Things kept going better, no matter how challenging they were. We also went through couple therapy, which was incredibly helpful when it came to reflecting on our reactions. In short, it felt like we were truly nurturing a renewed loving relationship. We got married last summer and decided to move back to our home country, which we knew would be hard and would require lots of patience, strength and determination. He really wanted to do it, and my only thought was “Why not? We can make it work, I will find a job and we’ll build a great community!”.
Now, things didn’t turn out well. I will not describe the sequence of adverse events that followed our decision to move here, as this is not the point. The point is, I fell back into depression (and I know it is not easy to be with someone with depression either…) and he started manifesting BPD behaviour again. We had fights, he started leaving the house for days, staying at his parents’, then coming back apologizing and saying that it was hard for him to manage his emotions. I could understand, it was difficult for me too.
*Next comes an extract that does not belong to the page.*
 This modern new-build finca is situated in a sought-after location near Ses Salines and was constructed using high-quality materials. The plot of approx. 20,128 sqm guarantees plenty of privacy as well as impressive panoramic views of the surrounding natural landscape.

After less than one year in our home country, he applied for a job in Scandinavia, signed a contract, and decided to leave. I was reluctant, but we had talked a lot and I agreed on him going: I felt like I could trust him and I believed I could follow him a few months later - I saw it as an opportunity to start over and recover, together. Except, a few weeks after he moved out, I was diagnosed with thyroid cancer. My mom was diagnosed with breast cancer two days after I got the news about my health. I was already exhausted, and by then I was simply crushed. No money, no house of my own, no job, partner abroad, health issues and my mom’s health issues, too. Since then, fights have increased and my spouse has become more and more detached. He has been telling me things like "Well, you keep complaining, it’s not like you’re dying. It’s just surgery. What about my feelings? You never think about the way I feel.”. I must say I have not managed my reactions that well either. I have been feeling overwhelmed, lost, alone and angry.
The situation escalated two days ago, soon after I underwent surgery to have my thyroid removed. He started telling me that he wanted to move again, that he was unhappy and unsatisfied, to which I replied with a firm “I just underwent surgery. Please, just understand what you think you need, then we’ll find a way. However, I am not moving countries again for nothing. I am tired”. That is when the splitting happened. I tried to call back the day after to ask how he was doing, to which he replied that he did not want to talk to me, wanted to be left alone, and was feeling oppressed and neglected. I will not hide the fact that I simply lost it. I yelled with the feeble voice I had “How dare you? I need you right now more than ever, I cannot ever stand up on my own, I don’t know how long my mother will live, and that’s what you’re telling me?!”. He hung up. He has not called since then. I feel so hurt, disrespected, angry, and confused.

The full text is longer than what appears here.